(Beginning of Information provided)
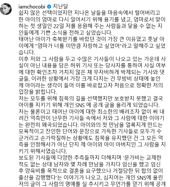 마지막으로 문가비는 “더 이상 저와 아이에 관해 무리한 억측이나 허위 사실이 유포되지 않기를 간절히 바란다”며 “모두가 이 아이를 따뜻한 시선으로 봐주기를 바란다”고 글을 마무리했다.
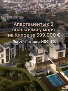 1️⃣ Апартаменты с 3 спальнями у моря на Кипре за 599.000 €
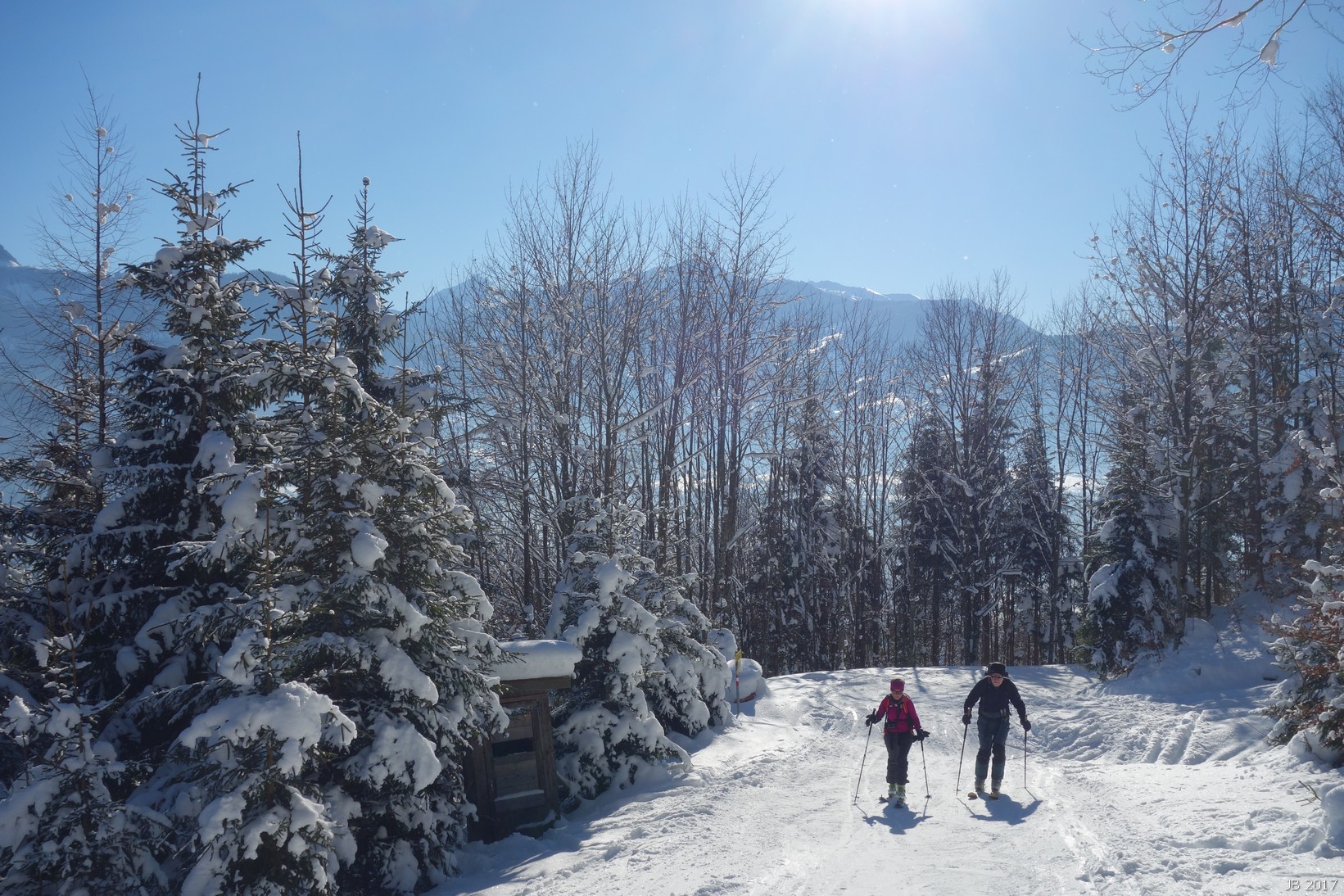 Genug Schnee vom PP weg. Abwechslungsreicher Aufstieg erst durch Wald über die Rodelbahn, dann über eine Schneise zur Klosteralm 1200m.
(End of Information provided)
• _Work instruction_
Everything in the listing except the pictures must be reproduced exactly.

• _Response to the task_
 마지막으로 문가비는 “더 이상 저와 아이에 관해 무리한 억측이나 허위 사실이 유포되지 않기를 간절히 바란다”며 “모두가 이 아이를 따뜻한 시선으로 봐주기를 바란다”고 글을 마무리했다.
 1️⃣ Апартаменты с 3 спальнями у моря на Кипре за 599.000 €
 Genug Schnee vom PP weg. Abwechslungsreicher Aufstieg erst durch Wald über die Rodelbahn, dann über eine Schneise zur Klosteralm 1200m.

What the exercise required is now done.